=== THE TASK ===
Write each line of the material exactly as given, from the top through the line that contains "陆俨少、陈巨来、钱君匋、王个", and omit all pictures.

=== INFORMATION SHOWN ===
-.-.-
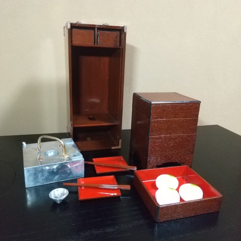 尾上菊五郎家が、使っていたといわれる『遊山箱』お重に御料理を詰め、錫の酒器に銘酒を入れて、お花見などで楽しんだのでしょうか・・・?
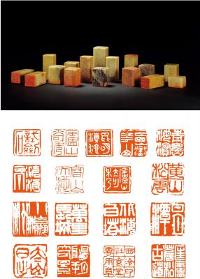 陆俨少、陈巨来、钱君匋、王个簃、邹梦禅、诸乐三、方去疾、李伏雨、高式熊、张寒月、韩天衡、郁重今、余 正、蔡谨士等刻青田石闲章十六方
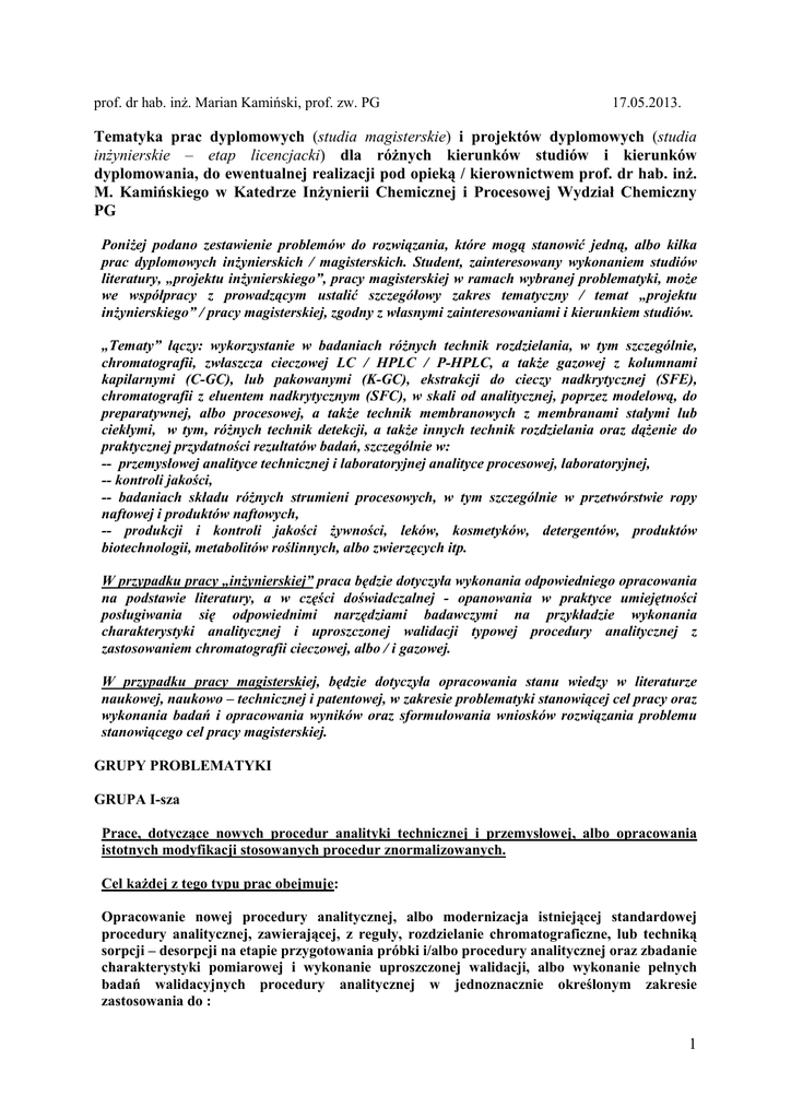 prof. dr hab. inż. Marian Kamiński, prof. zw. PG 17.05.2013. Tematyka prac dyplomowych (studia magisterskie) i projektów dyplomowych (studia inżynierskie – etap licencjacki) dla różnych kierunków studiów i kierunków dyplomowania, do ewentualnej realizacji pod opieką / kierownictwem prof. dr hab. inż. M. Kamińskiego w Katedrze Inżynierii Chemicznej i Procesowej Wydział Chemiczny PG Poniżej podano zestawienie problemów do rozwiązania, które mogą stanowić jedną, albo kilka prac dyplomowych inżynierskich / magisterskich. Student, zainteresowany wykonaniem studiów literatury, „projektu inżynierskiego”, pracy magisterskiej w ramach wybranej problematyki, może we współpracy z prowadzącym ustalić szczegółowy zakres tematyczny / temat „projektu inżynierskiego” / pracy magisterskiej, zgodny z własnymi zainteresowaniami i kierunkiem studiów. „Tematy” łączy: wykorzystanie w badaniach różnych technik rozdzielania, w tym szczególnie, chromatografii, zwłaszcza cieczowej LC / HPLC / P-HPLC, a także gazowej z kolumnami kapilarnymi (C-GC), lub pakowanymi (K-GC), ekstrakcji do cieczy nadkrytycznej (SFE), chromatografii z eluentem nadkrytycznym (SFC), w skali od analitycznej, poprzez modelową, do preparatywnej, albo procesowej, a także technik membranowych z membranami stałymi lub ciekłymi, w tym, różnych technik detekcji, a także innych technik rozdzielania oraz dążenie do praktycznej przydatności rezultatów badań, szczególnie w: -- przemysłowej analityce technicznej i laboratoryjnej analityce procesowej, laboratoryjnej, -- kontroli jakości, -- badaniach składu różnych strumieni procesowych, w tym szczególnie w przetwórstwie ropy naftowej i produktów naftowych, -- produkcji i kontroli jakości żywności, leków, kosmetyków, detergentów, produktów biotechnologii, metabolitów roślinnych, albo zwierzęcych itp. W przypadku pracy „inżynierskiej” praca będzie dotyczyła wykonania odpowiedniego opracowania na podstawie literatury, a w części doświadczalnej - opanowania w praktyce umiejętności posługiwania się odpowiednimi narzędziami badawczymi na przykładzie wykonania charakterystyki analitycznej i uproszczonej walidacji typowej procedury analitycznej z zastosowaniem chromatografii cieczowej, albo / i gazowej. W przypadku pracy magisterskiej, będzie dotyczyła opracowania stanu wiedzy w literaturze naukowej, naukowo – technicznej i patentowej, w zakresie problematyki stanowiącej cel pracy oraz wykonania badań i opracowania wyników oraz sformułowania wniosków rozwiązania problemu stanowiącego cel pracy magisterskiej. GRUPY PROBLEMATYKI GRUPA I-sza Prace, dotyczące nowych procedur analityki technicznej i przemysłowej, albo opracowania istotnych modyfikacji stosowanych procedur znormalizowanych. Cel każdej z tego typu prac obejmuje: Opracowanie nowej procedury analitycznej, albo modernizacja istniejącej standardowej procedury analitycznej, zawierającej, z reguły, rozdzielanie chromatograficzne, lub techniką sorpcji – desorpcji na etapie przygotowania próbki i/albo procedury analitycznej oraz zbadanie charakterystyki pomiarowej i wykonanie uproszczonej walidacji, albo wykonanie pełnych badań walidacyjnych procedury analitycznej w jednoznacznie określonym zakresie zastosowania do : 1 - - kontroli jakości / oceny określonej właściwości użytkowej produktu, laboratoryjnej analityki i kontroli procesowej, identyfikacji źródła pochodzenia materiału i/albo zastosowanych w produkcji procesów technologicznych, identyfikacji źródła skażenia środowiska naturalnego i metod rekultywacji, oznaczenia zawartości określonych składników, albo określonych rodzajów dodatków, określonych zanieczyszczeń, albo/i produktów metabolizmu – także na poziomie zawartości śladowych, w tym WWA, pestycydów, leków, konserwantów, plastyfikatorów, metali ciężkich itp., określenia stopnia i sposobu sfałszowania produktu, określenia stopnia degradacji oraz ewentualnej toksyczności produktu z wykorzystaniem co najmniej dwóch poniżej wymienionych technik rozdzielania oraz wybranych laboratoryjnych technik analityki procesowej, analityki technicznej, kontroli jakości: a b c d e f g NP HPLC / HILIC / RP-HPLC / GPC/SEC / IC / HIC - UV-DAD / FLD / RID / LC-FID / ELD, z przełączaniem kolumn oraz wykorzystaniem przepływu zwrotnego, z elucją stopniową, albo gradientową oraz oznaczaniem grawimetrycznym, albo/i instrumentalnym, w tym z wykorzystaniem chromatografii w skali analitycznej, albo/i preparatywnej, CGC, albo KGC – FID / TCD / ECD / FPD / NPD / o-FID, nD 70 / 15 / ρ 70 / 15 spektrofotometria UV-VIS, fluorescencja UV-VIS, TLC-FID – chromatografia cienkowarstwowa na pręcikach kwarcowych, z detekcją płomieniowo – jonizacyjną, H1-NMR niskiej częstotliwości spalania w tlenie / syntetycznym powietrzu / powietrzu / palniku wodorowym i oznaczania zawartości określonych produktów spalania różnymi technikami analitycznymi (mikrokulometria, IR, grawimetria, miareczkowanie), W celu oznaczania (w laboratorium przemysłowym, albo do realizacji określonych badań) : 1. zawartości grup węglowodorów oraz substancji polarnych (żywic), 2. zawartości grup metabolitów i określonych metabolitów, 3. zawartości tzw. wielopierścieniowych i/albo poli-cyklicznych węglowodorów aromatycznych (WWA/PCA), 4. rozkładu i średniej wartości masy molekularnej i liczby atomów węgla w materiałach, 5. zawartości określonych pierwiastków: wodoru, siarki, węgla, chlorowca organicznego i wybranych substancji chlorowco-organicznych, fosforu, azotu, wody, metali ciężkich, 6. zawartości zanieczyszczeń mineralnych, albo nierozpuszczalnych w określonym rozpuszczalniku (w tym zawartości asfaltenów), 7. zawartości wybranych organicznych substancji naturalnych, 8. zawartości wybranych organicznych substancji syntetycznych, 9. zawartości wybranych anionów nieorganicznych / organicznych,
-.-.-
=== WRITTEN RESPONSE ===
 尾上菊五郎家が、使っていたといわれる『遊山箱』お重に御料理を詰め、錫の酒器に銘酒を入れて、お花見などで楽しんだのでしょうか・・・?
 陆俨少、陈巨来、钱君匋、王个簃、邹梦禅、诸乐三、方去疾、李伏雨、高式熊、张寒月、韩天衡、郁重今、余 正、蔡谨士等刻青田石闲章十六方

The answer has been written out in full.